### WHAT THIS TASK INVOLVES
The entries below contain a stretch that opens with the line containing "The Summer School" and closes with the line containing "어버이날에는 긴 말보다 짧은 한마디가 더 마음에 남습니다."; set down that stretch exactly, both ends included, and nothing else.

### DATASET EXCERPTS

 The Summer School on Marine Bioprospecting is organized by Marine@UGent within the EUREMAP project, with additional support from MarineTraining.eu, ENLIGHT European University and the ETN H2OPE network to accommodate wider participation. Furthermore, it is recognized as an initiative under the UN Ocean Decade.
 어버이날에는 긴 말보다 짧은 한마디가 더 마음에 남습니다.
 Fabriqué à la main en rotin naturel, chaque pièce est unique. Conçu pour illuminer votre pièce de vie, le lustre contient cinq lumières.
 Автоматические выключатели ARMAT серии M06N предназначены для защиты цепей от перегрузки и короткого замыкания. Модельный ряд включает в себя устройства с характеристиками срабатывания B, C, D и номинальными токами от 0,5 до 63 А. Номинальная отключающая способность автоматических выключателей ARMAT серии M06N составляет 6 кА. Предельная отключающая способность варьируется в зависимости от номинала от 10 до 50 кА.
...
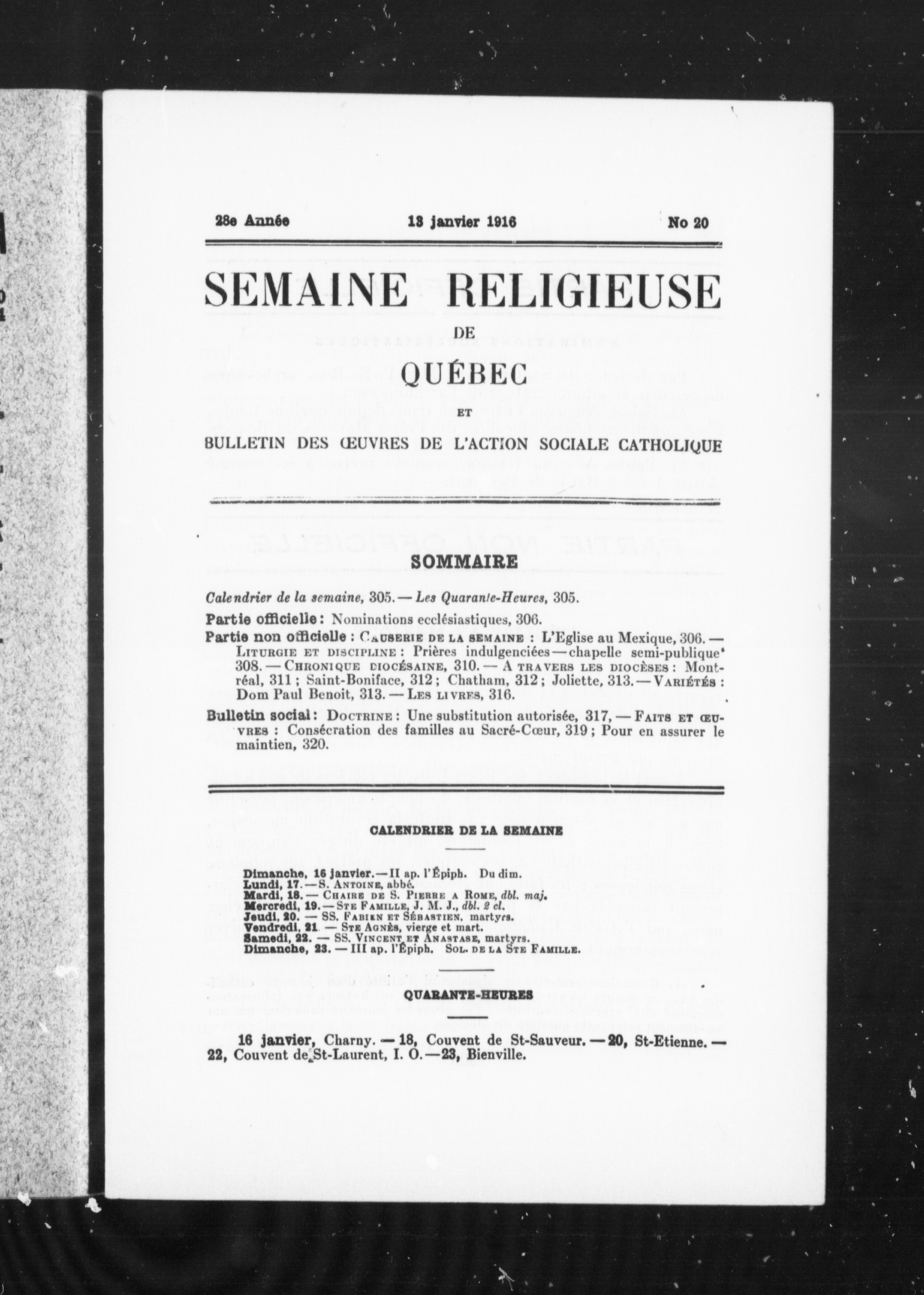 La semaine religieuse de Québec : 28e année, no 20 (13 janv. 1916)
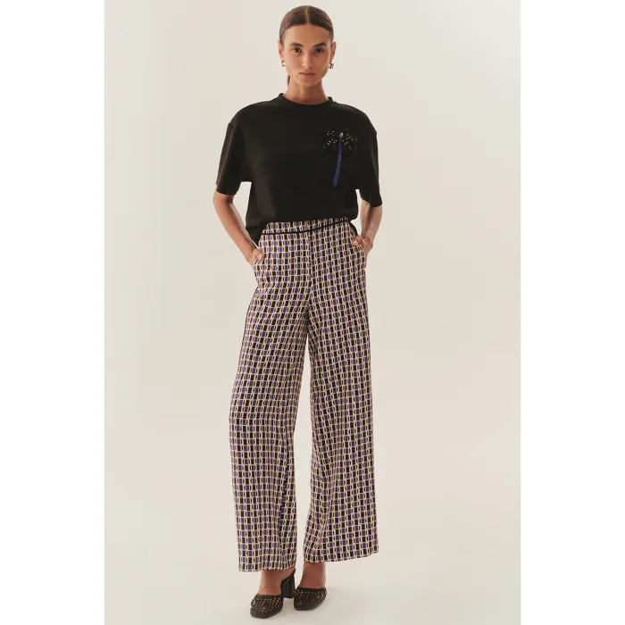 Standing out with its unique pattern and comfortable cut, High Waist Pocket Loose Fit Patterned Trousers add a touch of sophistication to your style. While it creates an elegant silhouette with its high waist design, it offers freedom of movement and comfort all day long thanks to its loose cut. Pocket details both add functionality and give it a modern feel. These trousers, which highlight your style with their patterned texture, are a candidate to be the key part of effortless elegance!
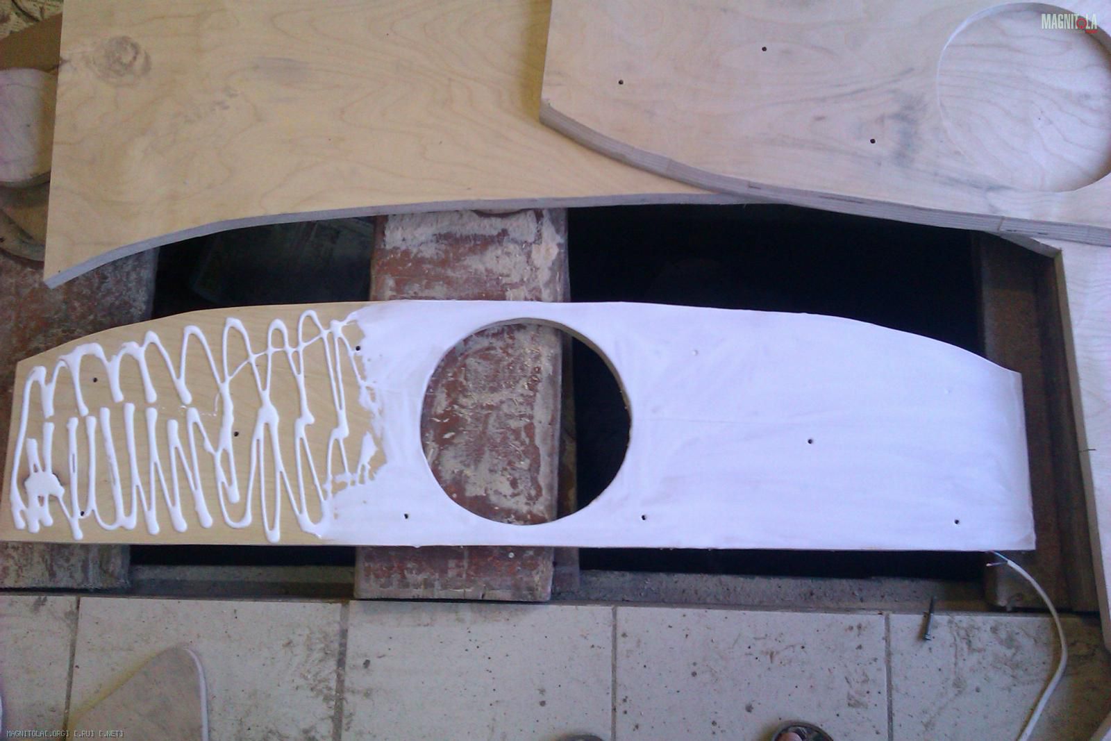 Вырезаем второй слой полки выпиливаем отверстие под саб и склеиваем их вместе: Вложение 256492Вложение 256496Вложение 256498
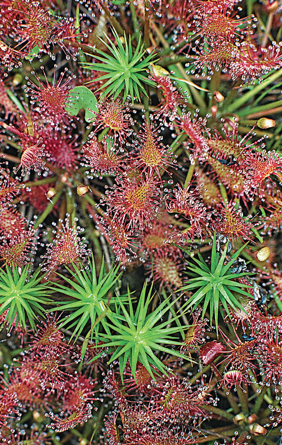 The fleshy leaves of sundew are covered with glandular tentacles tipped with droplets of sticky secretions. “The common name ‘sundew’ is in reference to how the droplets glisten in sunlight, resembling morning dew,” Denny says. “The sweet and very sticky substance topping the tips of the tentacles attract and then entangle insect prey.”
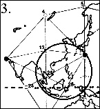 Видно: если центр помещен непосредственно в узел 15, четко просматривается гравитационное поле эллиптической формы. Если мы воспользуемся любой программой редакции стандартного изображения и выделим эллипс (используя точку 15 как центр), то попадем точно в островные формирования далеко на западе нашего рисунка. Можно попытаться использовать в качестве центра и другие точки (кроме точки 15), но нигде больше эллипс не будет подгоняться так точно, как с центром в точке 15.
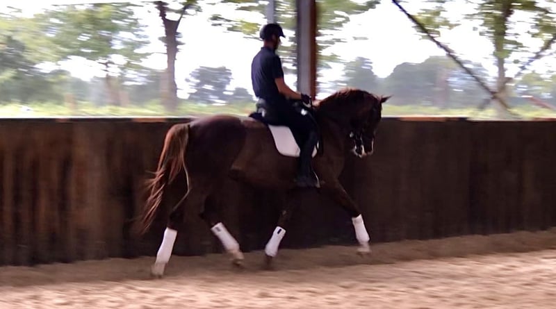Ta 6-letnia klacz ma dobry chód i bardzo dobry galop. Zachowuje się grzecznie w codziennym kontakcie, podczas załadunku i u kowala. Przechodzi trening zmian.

### RESULT OF THE EXERCISE
 The Summer School on Marine Bioprospecting is organized by Marine@UGent within the EUREMAP project, with additional support from MarineTraining.eu, ENLIGHT European University and the ETN H2OPE network to accommodate wider participation. Furthermore, it is recognized as an initiative under the UN Ocean Decade.
 어버이날에는 긴 말보다 짧은 한마디가 더 마음에 남습니다.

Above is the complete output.